→ **AIM OF THE EXERCISE**
Both the line containing "Certified Cat Eye" and the line containing "5)同样服务器返回的内容也是,BurpSuite 会先解密,然后得到明文, BurpSuite" belong to the span. Output exactly that span from the listing below, and nothing outside it.

→ **MATERIAL TO PROCESS**
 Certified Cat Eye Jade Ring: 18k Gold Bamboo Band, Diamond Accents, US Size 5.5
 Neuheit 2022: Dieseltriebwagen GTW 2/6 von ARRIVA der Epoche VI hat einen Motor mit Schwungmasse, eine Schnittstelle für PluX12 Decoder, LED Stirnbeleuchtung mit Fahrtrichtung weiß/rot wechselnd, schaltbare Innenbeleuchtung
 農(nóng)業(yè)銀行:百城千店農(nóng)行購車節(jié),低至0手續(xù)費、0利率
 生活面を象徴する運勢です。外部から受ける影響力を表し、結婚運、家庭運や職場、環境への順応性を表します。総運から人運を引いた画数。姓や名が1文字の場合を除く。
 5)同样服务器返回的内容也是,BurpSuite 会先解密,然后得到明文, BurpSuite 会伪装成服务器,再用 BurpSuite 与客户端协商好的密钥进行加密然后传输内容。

...

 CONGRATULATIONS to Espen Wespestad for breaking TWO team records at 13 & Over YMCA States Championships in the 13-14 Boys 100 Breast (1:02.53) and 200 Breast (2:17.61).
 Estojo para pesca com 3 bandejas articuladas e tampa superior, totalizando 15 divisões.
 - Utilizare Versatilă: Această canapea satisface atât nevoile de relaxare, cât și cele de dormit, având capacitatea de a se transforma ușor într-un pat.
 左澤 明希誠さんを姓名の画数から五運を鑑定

→ **REPLY TO THE EXERCISE**
 Certified Cat Eye Jade Ring: 18k Gold Bamboo Band, Diamond Accents, US Size 5.5
 Neuheit 2022: Dieseltriebwagen GTW 2/6 von ARRIVA der Epoche VI hat einen Motor mit Schwungmasse, eine Schnittstelle für PluX12 Decoder, LED Stirnbeleuchtung mit Fahrtrichtung weiß/rot wechselnd, schaltbare Innenbeleuchtung
 農(nóng)業(yè)銀行:百城千店農(nóng)行購車節(jié),低至0手續(xù)費、0利率
 生活面を象徴する運勢です。外部から受ける影響力を表し、結婚運、家庭運や職場、環境への順応性を表します。総運から人運を引いた画数。姓や名が1文字の場合を除く。
 5)同样服务器返回的内容也是,BurpSuite 会先解密,然后得到明文, BurpSuite 会伪装成服务器,再用 BurpSuite 与客户端协商好的密钥进行加密然后传输内容。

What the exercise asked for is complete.